DATA RECORDS: Begin

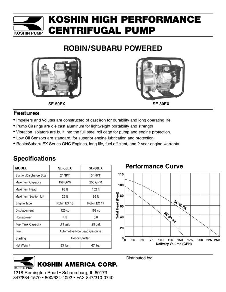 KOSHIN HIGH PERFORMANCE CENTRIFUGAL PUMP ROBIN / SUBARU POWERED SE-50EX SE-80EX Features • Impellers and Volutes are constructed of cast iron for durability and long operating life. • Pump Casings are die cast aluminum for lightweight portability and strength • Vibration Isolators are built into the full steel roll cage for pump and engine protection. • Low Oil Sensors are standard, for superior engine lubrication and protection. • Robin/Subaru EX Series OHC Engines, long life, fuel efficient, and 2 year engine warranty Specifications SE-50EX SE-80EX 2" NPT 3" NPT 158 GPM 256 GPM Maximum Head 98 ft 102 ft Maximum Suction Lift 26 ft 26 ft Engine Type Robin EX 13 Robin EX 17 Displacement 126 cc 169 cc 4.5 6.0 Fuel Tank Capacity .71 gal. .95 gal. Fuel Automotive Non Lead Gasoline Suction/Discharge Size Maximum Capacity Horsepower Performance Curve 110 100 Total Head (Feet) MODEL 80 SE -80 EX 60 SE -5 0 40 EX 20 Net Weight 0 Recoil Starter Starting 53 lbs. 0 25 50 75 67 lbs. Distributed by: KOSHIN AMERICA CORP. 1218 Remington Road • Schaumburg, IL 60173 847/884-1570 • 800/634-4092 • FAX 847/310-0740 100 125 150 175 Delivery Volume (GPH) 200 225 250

DATA RECORDS: End
DATA RECORDS: Begin

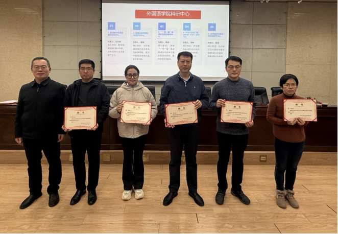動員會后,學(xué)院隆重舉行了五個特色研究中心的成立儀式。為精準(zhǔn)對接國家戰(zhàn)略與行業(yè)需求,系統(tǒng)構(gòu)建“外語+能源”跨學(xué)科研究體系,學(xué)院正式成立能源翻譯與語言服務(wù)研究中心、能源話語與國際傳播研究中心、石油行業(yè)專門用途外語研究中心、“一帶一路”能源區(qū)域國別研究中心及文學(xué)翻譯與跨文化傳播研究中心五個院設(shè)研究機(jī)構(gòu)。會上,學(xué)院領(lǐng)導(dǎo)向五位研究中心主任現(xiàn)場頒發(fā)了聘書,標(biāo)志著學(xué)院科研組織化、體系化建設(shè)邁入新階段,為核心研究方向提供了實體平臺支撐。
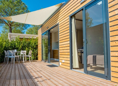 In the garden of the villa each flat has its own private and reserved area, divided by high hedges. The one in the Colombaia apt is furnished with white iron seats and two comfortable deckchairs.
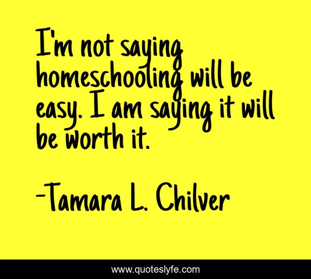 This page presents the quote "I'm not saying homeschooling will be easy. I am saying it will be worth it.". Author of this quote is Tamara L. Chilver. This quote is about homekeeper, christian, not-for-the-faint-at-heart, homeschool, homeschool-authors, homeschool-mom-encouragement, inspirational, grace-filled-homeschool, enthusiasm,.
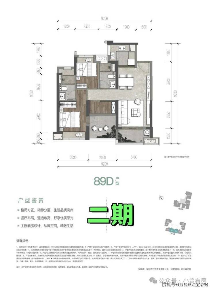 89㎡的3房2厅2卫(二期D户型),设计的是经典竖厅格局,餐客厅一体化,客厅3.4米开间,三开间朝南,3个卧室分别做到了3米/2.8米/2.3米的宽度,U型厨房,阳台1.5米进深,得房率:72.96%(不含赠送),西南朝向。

DATA RECORDS: End
DATA RECORDS: Begin

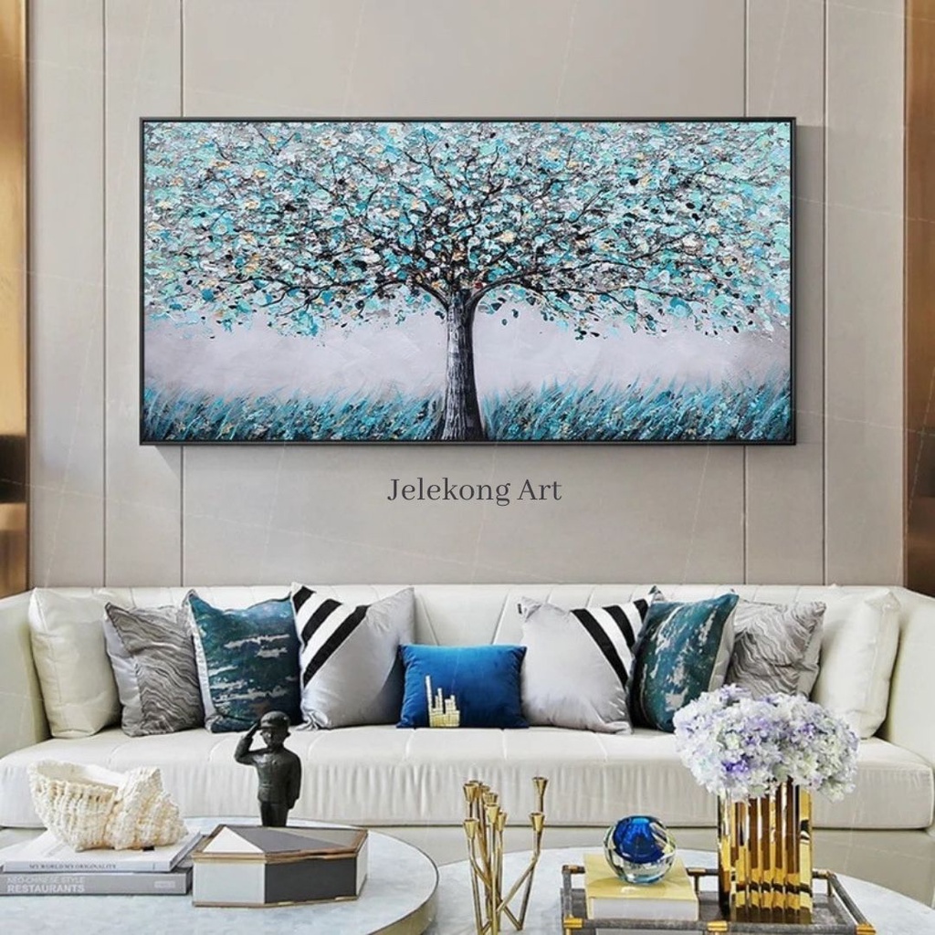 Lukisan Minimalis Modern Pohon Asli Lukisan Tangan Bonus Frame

DATA RECORDS: End

Given the entries above, transcribe exactly the lines from the one holding "This page presents" through the one holding "89㎡的3房2厅2卫(二期D"; pictures do not belong in the transcription.

 This page presents the quote "I'm not saying homeschooling will be easy. I am saying it will be worth it.". Author of this quote is Tamara L. Chilver. This quote is about homekeeper, christian, not-for-the-faint-at-heart, homeschool, homeschool-authors, homeschool-mom-encouragement, inspirational, grace-filled-homeschool, enthusiasm,.
 89㎡的3房2厅2卫(二期D户型),设计的是经典竖厅格局,餐客厅一体化,客厅3.4米开间,三开间朝南,3个卧室分别做到了3米/2.8米/2.3米的宽度,U型厨房,阳台1.5米进深,得房率:72.96%(不含赠送),西南朝向。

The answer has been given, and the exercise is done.